On 1 October a new phase of social protests started in Iraq, this time authentic, spontaneous and very difficult for political parties or even civil society organizations to control. The protests have gradually come to be supported by a vast segment of the public as well as the main Iraqi syndicates: yesterday the Teachers’ Union launched a national 4-days strike, the Bar Association declared that they support civil disobedience, and students occupied several universities in the southern and central governorates and took to the streets in the hundreds of thousands.
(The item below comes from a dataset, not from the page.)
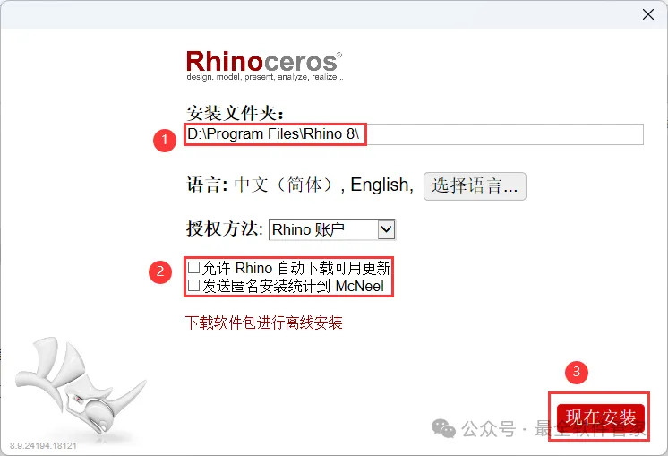 11、不勾选【Install…Rhinoceros 6】和【Install…Rhinoceros 7】,再点击【Install】

The movement was born of unemployed youth who rejected the political system established in 2003. They are asking for an end to corruption and the sectarian quotas in Iraqi politics, phony job opportunities and a fairer redistribution of wealth. They are largely nonviolent, though some governmental and political parties’ buildings were set on fire in the south following the first funerals of young demonstrators killed on the streets. Many women are also part of protests. At times they are protected by young male activists surrounding them, at others, they march in the front rows of demonstrations.
Protests quickly spread through most of Iraq, and in the first week about 150 unarmed civilians and 8 members of security forces died in attacks from the army and militia, anonymous snipers hiding on the roofs, armored police cars which drove at high speed into the crowds, and armed individuals infiltrating the demonstrations. Thousands of people have been injured, but precise numbers are not clear since doctors in the hospitals have been ordered not to collect and publicize these statistics. Still, we know that many are in critical condition. To date, the total number of civilian victims rose to about 250, 15 of whom were killed in Kerbala just in the last 24 hours. Violence is intensifying and the situation requires urgent attention by media and the international community.
Human Rights Defenders across the country have been threatened, arrested or killed, notably Safaa al-Sarai yesterday in Baghdad. A health worker was arrested while she was treating patients in an ambulance, a doctor while he was preparing for surgery in a hospital, several bloggers in their homes. In Sunni cities people don’t dare to protest out of fear that the repression to follow would be crueler. Offices of several media agencies, TVs and newspapers have been attacked and raided by militia, and journalists have been badly beaten up. A lawyer was killed while he was going to meet an activist that he was going to defend. At least 30 Human Rights Defenders have mysteriously disappeared, others have been shot dead in their homes, like a young couple from Basra. Since 25 October, activitss have proclaimed a new “day of rage” and call for a change in government. The growing number of victims is simply making participation in the movement expand, and civil disobedience has spread even among families with children.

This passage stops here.